Are you going to mark it ?
I think it's worth it.

If you aren't equipped to etch, I'd take it to a Trophy engraving shop with a laser engraver.
 
Good job on your second knife. Dad will surely like it more considering it was made by you. Happy Holidays.
 
Looks to be a very short stubby strong knife, how thick is the stock handle?

My father favors similar knives as well.
 
Count, I do want to etch it, but I don't have the setup...yet. I'll have to look around for laser engravers. I know of several trophy shops, I'm just not sure if any of them use lasers.

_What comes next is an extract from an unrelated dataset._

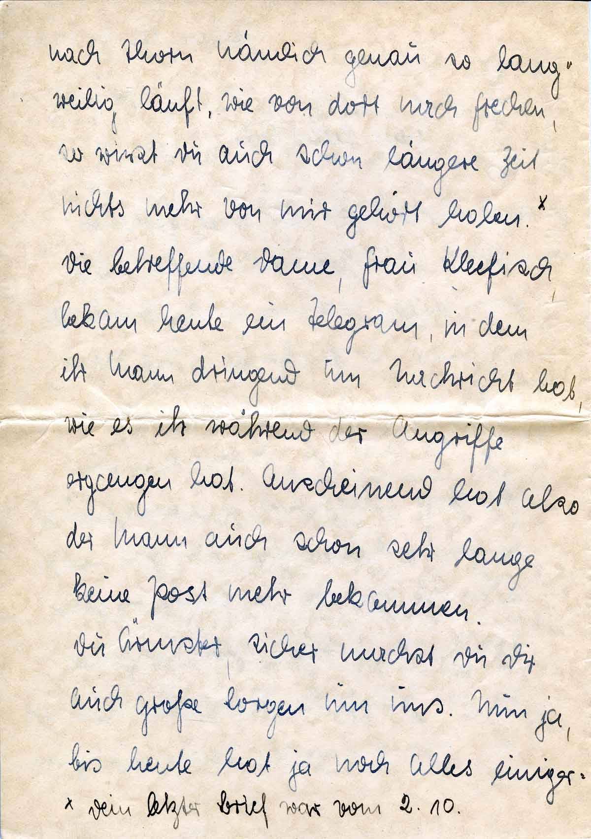 nach Thorn nämlich genau so langweilig läuft, wie von dort nach Frechen, so wirst Du auch schon längere Zeit nichts mehr von mir gehört haben. Dein letzter Brief war vom 2.10. Die betreffende Dame, Frau Kleefisch, bekam heute ein Telegram, in dem ihr Mann dringend um Nachricht bat, wie es ihr während der Angriffe ergangen hat. Anscheinend hat also der Mann auch schon sehr lange keine Post mehr bekommen.
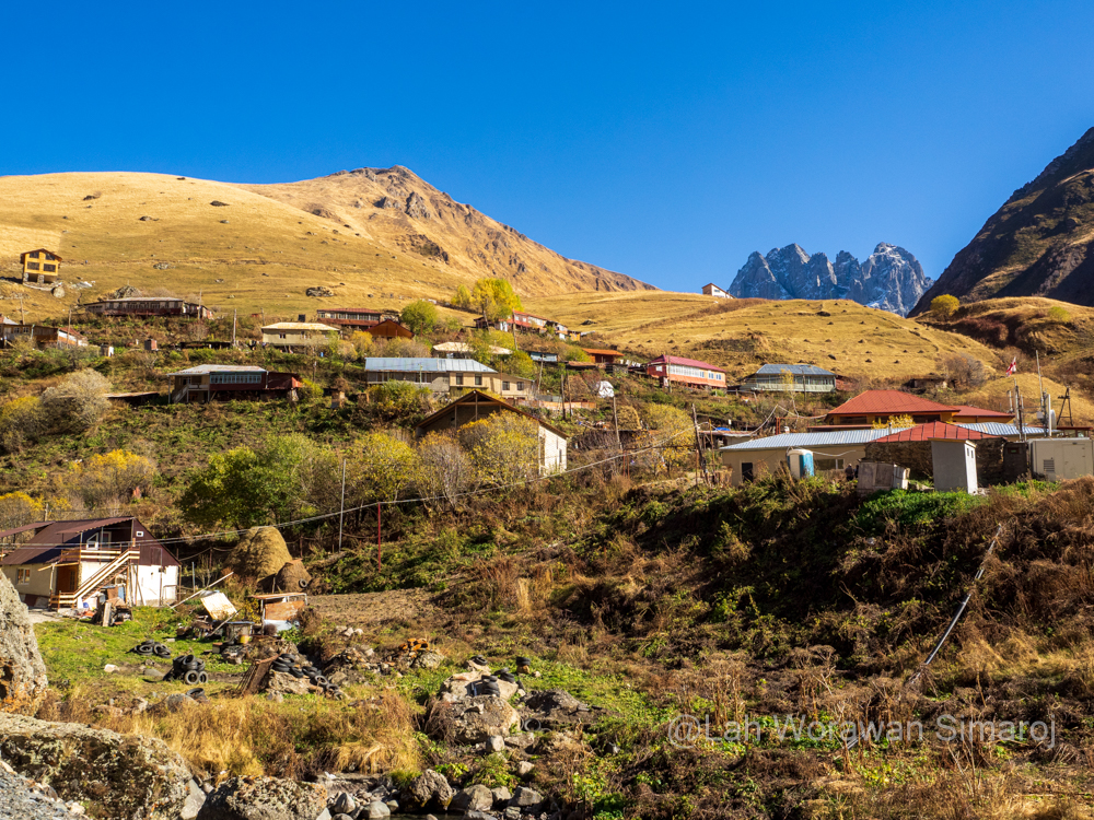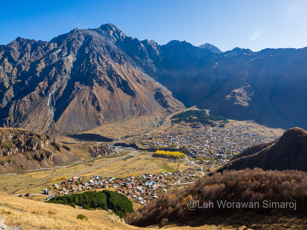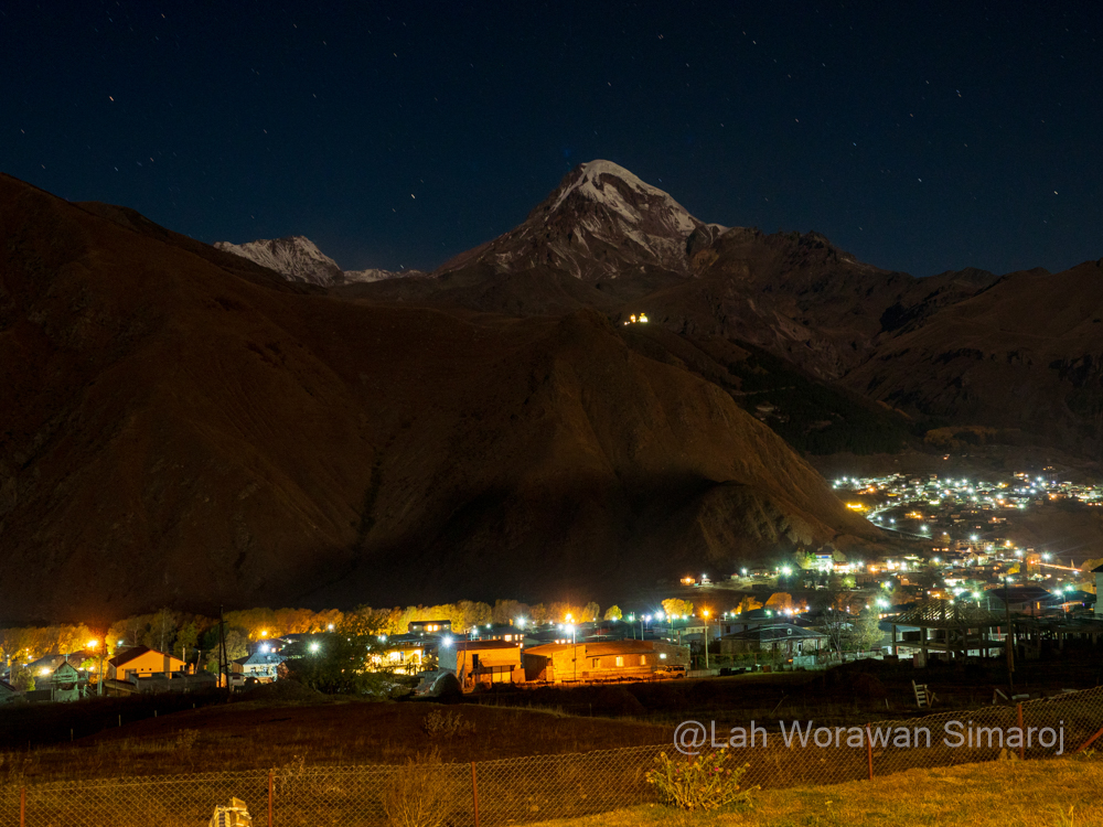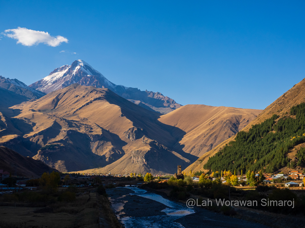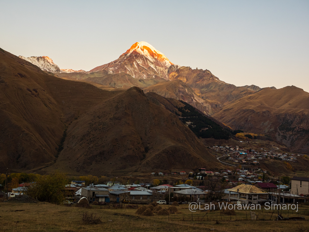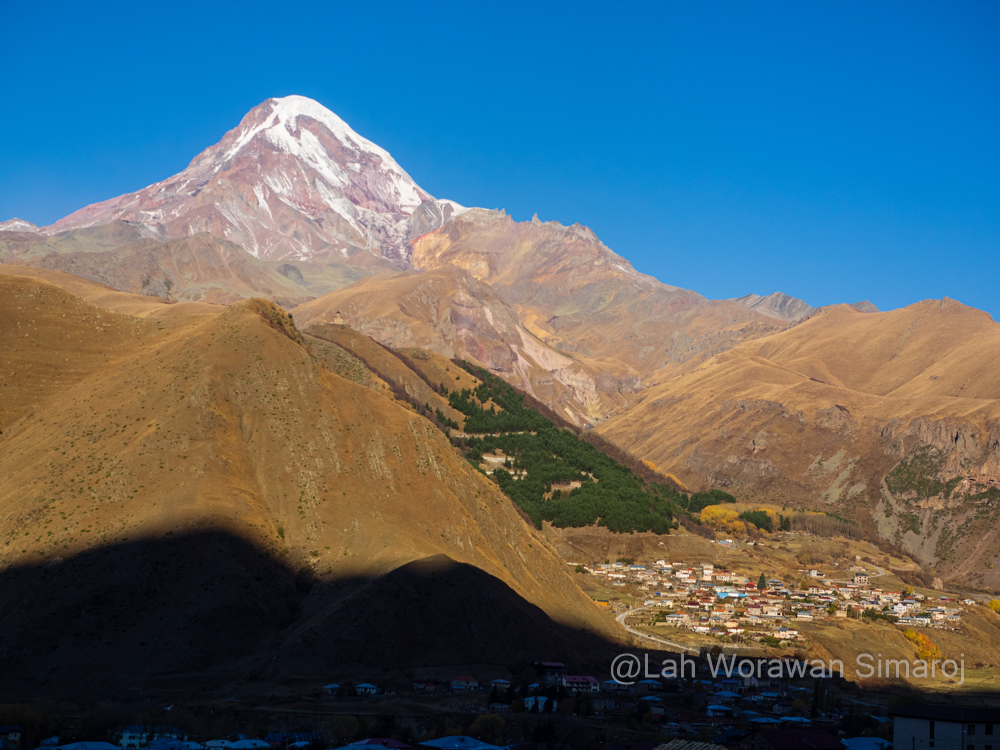 ฉันใช้เวลาอยู่ที่นี่สามวันสองคืนเพื่อชื่นชมความงามของ Mt. Kazbek และบริเวณโดยรอบ ซึ่งถือว่าคุ้มค่ากับการเดินทางมาก ไม่ว่าจะตื่นมาชมแต่เช้าตรู่ หรือยามเย็น หรือยามไหนๆก็ตาม (ดูรูปภูเขาในช่วงเวลาต่างๆของวันประกอบ) ตามข้อมูลที่หาได้ ยอดเขา Kazbek แห่งนี้เป็นยอดเขาภูเขาไฟ (ยังไม่ดับสนิท) ที่สูงเป็นอันดับสองของเทือกเขาคอเคซัส (ถ้านับทุกยอด จะสูงเป็นอันดับเจ็ด) นอกจากการชื่นชมเทือกเขา ชมโบสถ์ เดินชมหมู่บ้านที่มีร้านค้า ร้านอาหารที่คึกคักเพราะนักท่องเที่ยวแล้ว จากหมู่บ้านนี้ไปไม่ถึง 20 กิโลเมตรจะถึงชายแดนจอร์เจียและรัสเซีย (เมือง Vladikavkaz) ซึ่งไม่ใช่ชายแดนที่ถนนตัดข้ามเขา แต่เป็นการเจาะอุโมงค์ลอดพรมแดนธรรมชาติแห่งเทือกเขาคอเคซัสแทน เรียกว่าขับมุดถ้ำจากประเทศหนึ่งออกไปเจออีกประเทศหนึ่ง (หากขับรถมาเองสามารถขับไปถึงชายแดนได้ แต่ถนนจะค่อนข้างแคบและคดโค้ง ควรขับรถด้วยความระมัดระวัง)

Sasquatch, The tang is just shy of .25". The entire handle, scales and all, at it's widest, is .7".

Thanks for the kind words. Any critiques?
 
Any critiques?

You asked! :)

I'm not sure of the wisdom of stonewashing a 1084 blade. It has essentially zero corrosion-resistance, and anything that makes the surface rougher makes it easier to trap moisture/gunk and cause rust. Stonewashing is not nearly as bad as bead-blasting in that regard, but I personally prefer a much finer finish.

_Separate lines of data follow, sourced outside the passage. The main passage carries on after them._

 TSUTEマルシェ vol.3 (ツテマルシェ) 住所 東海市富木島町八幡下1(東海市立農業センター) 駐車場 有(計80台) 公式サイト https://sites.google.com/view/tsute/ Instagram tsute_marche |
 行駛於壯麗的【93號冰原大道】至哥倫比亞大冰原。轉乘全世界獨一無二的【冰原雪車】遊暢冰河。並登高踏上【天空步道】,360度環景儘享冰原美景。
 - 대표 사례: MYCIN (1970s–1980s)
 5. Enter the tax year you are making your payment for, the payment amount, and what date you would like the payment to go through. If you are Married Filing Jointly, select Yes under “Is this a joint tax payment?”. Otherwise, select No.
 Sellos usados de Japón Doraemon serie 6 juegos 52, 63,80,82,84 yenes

Perhaps a light etch/patina with vinger/lemon juice etc is in order? If not, keep it reasonably clean and dry, use it a lot on foodstuffs, and it will patina naturally.

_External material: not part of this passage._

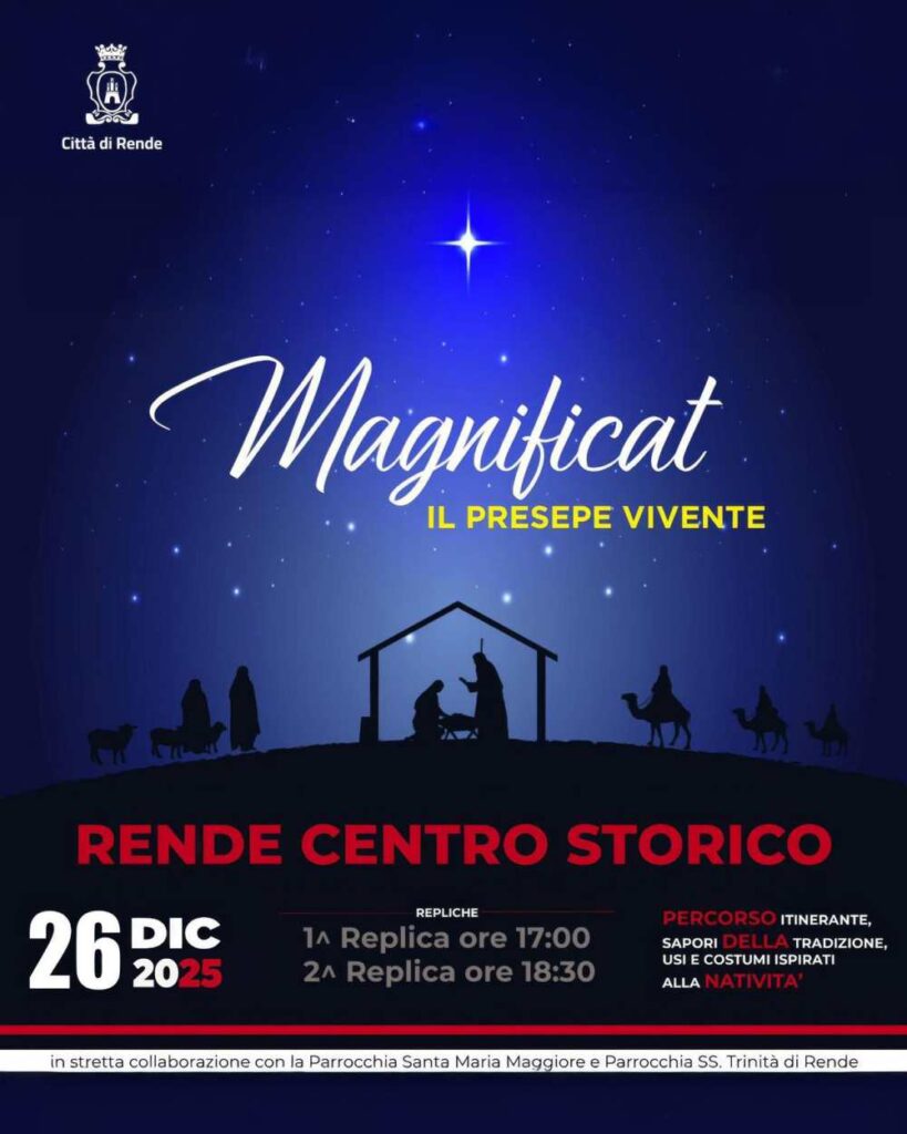 Il 26 dicembre, uno degli appuntamenti più attesi delle festività natalizie torna a illuminare il cuore del borgo antico di Rende: il “Magnificat”, il Presepe Vivente che quest’anno si arricchisce di un nuovo format, trasformandosi in un musical itinerante. Un evento unico che unisce tradizione, musica e spiritualità, dando vita a una rappresentazione che coinvolge il pubblico in un’esperienza immersiva e suggestiva nel centro storico della città.

I do like the profile and your grinds look good!
 
You asked! :)

I'm not sure of the wisdom of stonewashing a 1084 blade. It has essentially zero corrosion-resistance, and anything that makes the surface rougher makes it easier to trap moisture/gunk and cause rust. Stonewashing is not nearly as bad as bead-blasting in that regard, but I personally prefer a much finer finish.

Perhaps a light etch/patina with vinger/lemon juice etc is in order? If not, keep it reasonably clean and dry, use it a lot on foodstuffs, and it will patina naturally.

I do like the profile and your grinds look good!

I did ask, and thank you James. The stone wash was a, "Hey, how would that look?" I didn't think it through on the corrosion part. I'm going to let him decide how/if he wants a patina, or if he just wants to keep it oiled...a lot. I have ferric chloride as well, but what effect would that have on the scales? What effect would vinegar, lemon juice, or mustard have on them?
 
At this point the finish is what it is. Don't try and change it. It will slowly form a patina in use.